- Born: 23 June 1950 (age 75) Brisbane, Queensland, Australia
- Occupations: Actor, voice actor
- Years active: 1970–present

= Geraldine Turner =

Australian actress and singer

Geraldine Gail Turner (born 23 June 1950 in Brisbane, Australia) is an Australian actress and singer. She has been a leading performer in Australian musical theatre since the 1970s, and has also been active in plays, recordings, film and television.

==Early life==
Turner was born and raised in Brisbane, attending St Margaret's Anglican Girls' School. Her career in performance began at an early age. As a child, Turner appeared in productions of Aladdin and The Sleeping Princess and as a performer on the local television variety program Cottee's Happy Hour. She trained in classical ballet for ten years and was a member of the Ballet Theatre of Queensland. She received a Diploma of Education after high school. She also studied classical singing at the Queensland Conservatorium of Music for 5 years. She began her career with the Queensland Theatre Company in the early 1970s.

==Theatre==
In the early 1970s, Turner appeared with the Queensland Theatre Company in the musicals Lock Up Your Daughters, A Rum Do!, Oh, What a Lovely War! and the play She Stoops to Conquer.
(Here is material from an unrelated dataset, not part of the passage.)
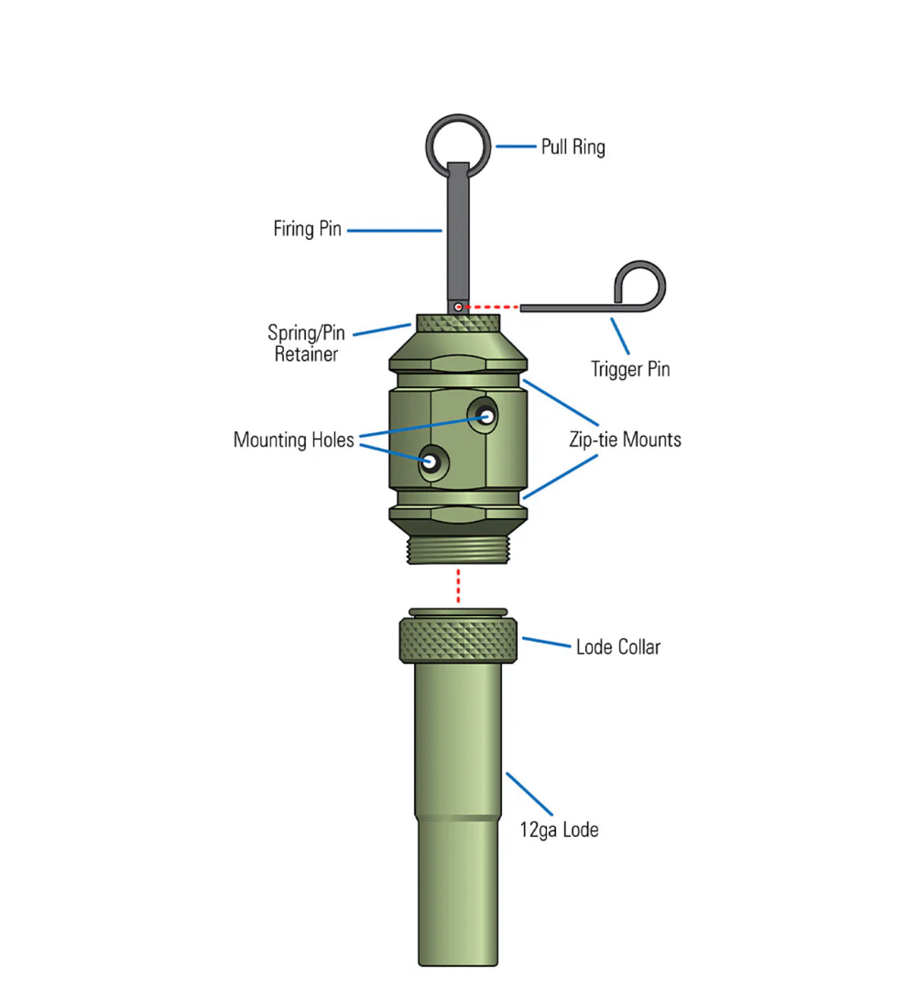 Our newest, updated version of our 12 gauge perimeter trip alarm. Made of 6061 Aluminum, this unit utilizes a spring-loaded firing mechanism and a trip trigger. When the trigger pin is disturbed while loaded with a 12 gauge Orion rounds, the unit will discharge. This device is compatible with Orion blanks, .22 cal & 209 adapters, Orion 12 ga. flares and Orion Pest Scare.

She played Petra in the 1973 original Australian cast of A Little Night Music (J. C. Williamson's) and the lead role of Desiree Armfeldt in a 1990 Sydney Theatre Company revival. Other roles in Stephen Sondheim musicals include Mrs Lovett in Sweeney Todd (Melbourne Theatre Company), The Baker's Wife in Into the Woods and Joanne in Company (Sydney Theatre Company).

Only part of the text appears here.